▶ _Activity_: Reproduce every entry below exactly, minus the pictures.

··········

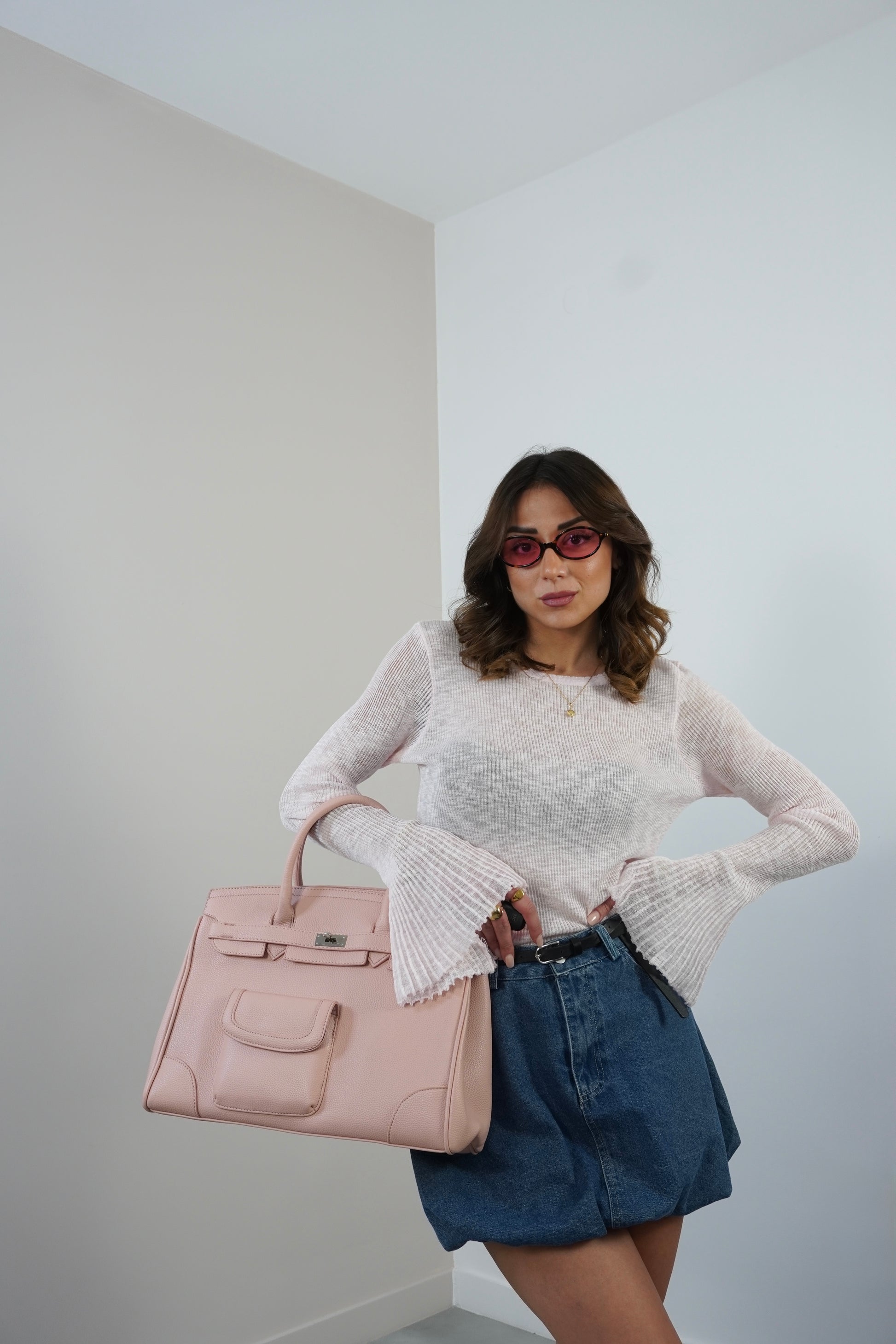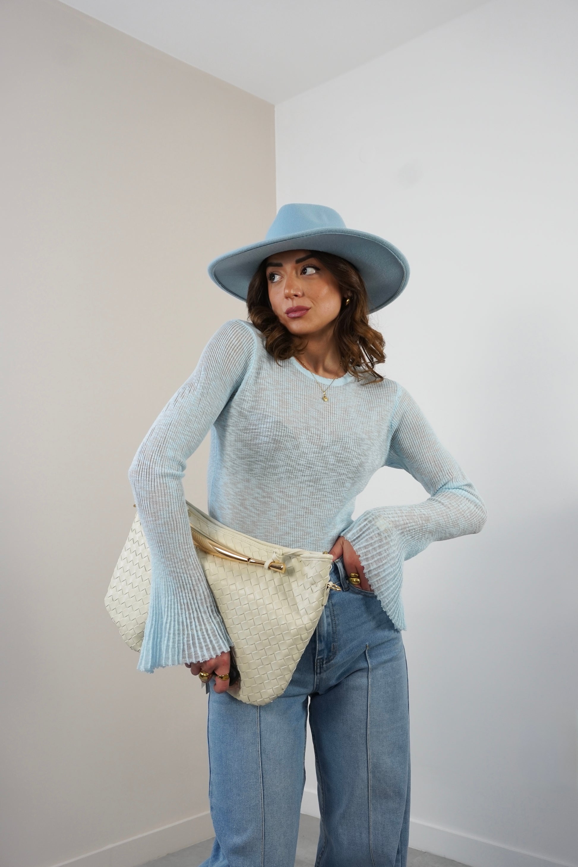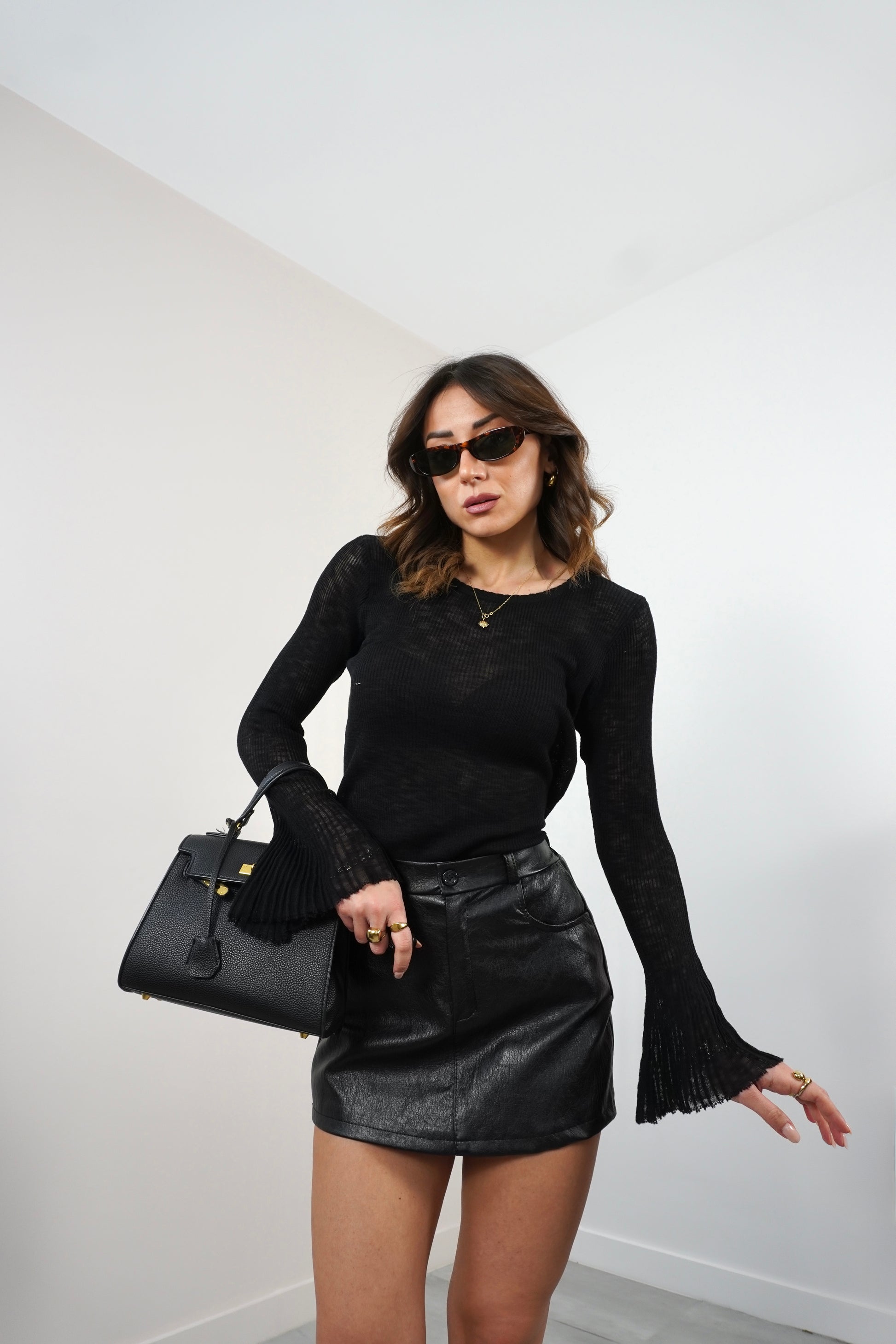 Maglia girocollo semi trasparente con manica a tulipano.
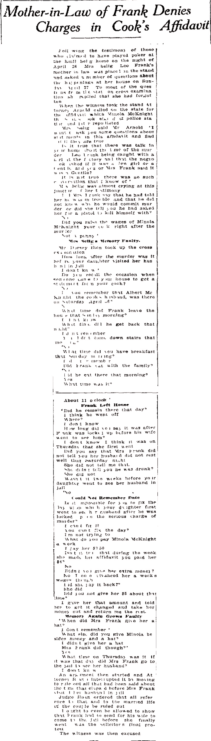 Following the testimony of those who claimed to have played poker at the Emil Selig home on the night of April 26, Mrs. Selig, Leo Frank's mother-in-law was placed on the stand and asked a number of questions about the happenings at her house on Sunday, April 27. To most of the questions from the state on cross-examination she replied that she had forgotten.
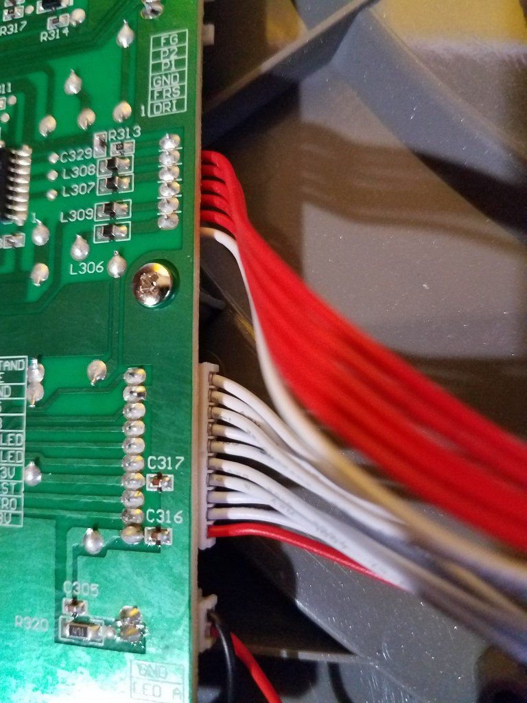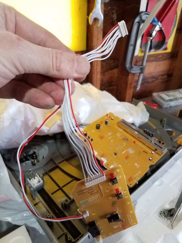 Unfortunately, with the new location, the set of ten wires going from this circuit board to the main control would not be long enough. Fortunately, I have a spare. By cutting the wires at the base of the clip I will be able to connect them to the other set. Nine white and one red.
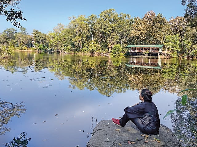 The accommodation inside the Park is Jal Mahal, an old Forest Rest House, now restored and run by Jungle Camps India as part of the Rukhad Jungle Camp. It retains an old-world essence: muted colours, a charming ‘dabba’ service, a terrific sustainability programme that even includes toothpaste tablets to do away with single use plastics, and simple rooms that open into sit-outs on the small Doodhia lake. The jungle on the shore across, harbours wildlife that can be spotted better if you climb the treehouse standing right outside. Constructed carefully without destroying the gigantic tendu trees that shoot through the floor and pierce the roof, this is the best perch to watch sambar families lapping up water on the other side, wild boar herds trotting on dried leaves, and an occasional big cat, if you are lucky. For a better look at the cats though, go deep into the Rukhad zone and you have a good chance of seeing either one of its resident pair, Bajirao and Mastani. “Rukhad is like a treasure hunt full of hidden jewels. It’s more rugged, more dense than open,” says Pradeep Patil, the sought-after head naturalist here who has a 25-year-long association with the forests of Central India.
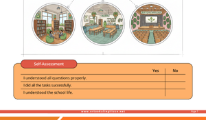 Materyal aynı zamanda, öğrencilerin projeyi tamamlarken kendi öğrenme süreçlerini değerlendirebilecekleri pratik bir Öz Değerlendirme (Self-Assessment) bölümü de içermektedir. Bu bölüm, öğrencilerin soruları anlama, görevleri başarıyla tamamlama ve okul hayatı kavramlarını kavrama düzeylerini "Evet/Hayır" şeklinde belirtmelerine olanak tanır.
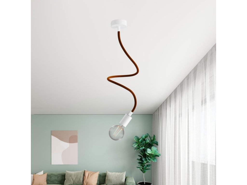 A žili flexibilně až do smrti. FLEX je ohebná trubice potažená hnědou textilií a je ideální pro vytváření jednoduchých svítidel i lustru s více světly, které jsou inspirované nejodvážnějšími nápady, těmi vašimi. Buďte kreativní a navrhněte si svůj vlastní systém osvětlení. Se systémem FLEX, nastavitelnou ohebnou trubicí s koncovou svorkou, která je k dispozici v 5 povrchových úpravách (matná bílá, černá, matná bronzová, matná měděná a matná chromovaná), můžete svůj osvětlovací systém měnit, jak a kdy chcete. Popusťte uzdu své fantazii a vytvořte ty nejkrásnější lampy s FLEX To je flexibilita! Trubice FLEX je dostupná ve třech délkách (30 cm, 60 cm a 90 cm) a s kovovými koncovými svorkami v pěti povrchových úpravách ((matná bílá, černá, matná bronzová, matná měděná a matná chromovaná).

··········

▶ _Your solution_:
 Maglia girocollo semi trasparente con manica a tulipano.
 Following the testimony of those who claimed to have played poker at the Emil Selig home on the night of April 26, Mrs. Selig, Leo Frank's mother-in-law was placed on the stand and asked a number of questions about the happenings at her house on Sunday, April 27. To most of the questions from the state on cross-examination she replied that she had forgotten.
 Unfortunately, with the new location, the set of ten wires going from this circuit board to the main control would not be long enough. Fortunately, I have a spare. By cutting the wires at the base of the clip I will be able to connect them to the other set. Nine white and one red.
 The accommodation inside the Park is Jal Mahal, an old Forest Rest House, now restored and run by Jungle Camps India as part of the Rukhad Jungle Camp. It retains an old-world essence: muted colours, a charming ‘dabba’ service, a terrific sustainability programme that even includes toothpaste tablets to do away with single use plastics, and simple rooms that open into sit-outs on the small Doodhia lake. The jungle on the shore across, harbours wildlife that can be spotted better if you climb the treehouse standing right outside. Constructed carefully without destroying the gigantic tendu trees that shoot through the floor and pierce the roof, this is the best perch to watch sambar families lapping up water on the other side, wild boar herds trotting on dried leaves, and an occasional big cat, if you are lucky. For a better look at the cats though, go deep into the Rukhad zone and you have a good chance of seeing either one of its resident pair, Bajirao and Mastani. “Rukhad is like a treasure hunt full of hidden jewels. It’s more rugged, more dense than open,” says Pradeep Patil, the sought-after head naturalist here who has a 25-year-long association with the forests of Central India.
 Materyal aynı zamanda, öğrencilerin projeyi tamamlarken kendi öğrenme süreçlerini değerlendirebilecekleri pratik bir Öz Değerlendirme (Self-Assessment) bölümü de içermektedir. Bu bölüm, öğrencilerin soruları anlama, görevleri başarıyla tamamlama ve okul hayatı kavramlarını kavrama düzeylerini "Evet/Hayır" şeklinde belirtmelerine olanak tanır.
 A žili flexibilně až do smrti. FLEX je ohebná trubice potažená hnědou textilií a je ideální pro vytváření jednoduchých svítidel i lustru s více světly, které jsou inspirované nejodvážnějšími nápady, těmi vašimi. Buďte kreativní a navrhněte si svůj vlastní systém osvětlení. Se systémem FLEX, nastavitelnou ohebnou trubicí s koncovou svorkou, která je k dispozici v 5 povrchových úpravách (matná bílá, černá, matná bronzová, matná měděná a matná chromovaná), můžete svůj osvětlovací systém měnit, jak a kdy chcete. Popusťte uzdu své fantazii a vytvořte ty nejkrásnější lampy s FLEX To je flexibilita! Trubice FLEX je dostupná ve třech délkách (30 cm, 60 cm a 90 cm) a s kovovými koncovými svorkami v pěti povrchových úpravách ((matná bílá, černá, matná bronzová, matná měděná a matná chromovaná).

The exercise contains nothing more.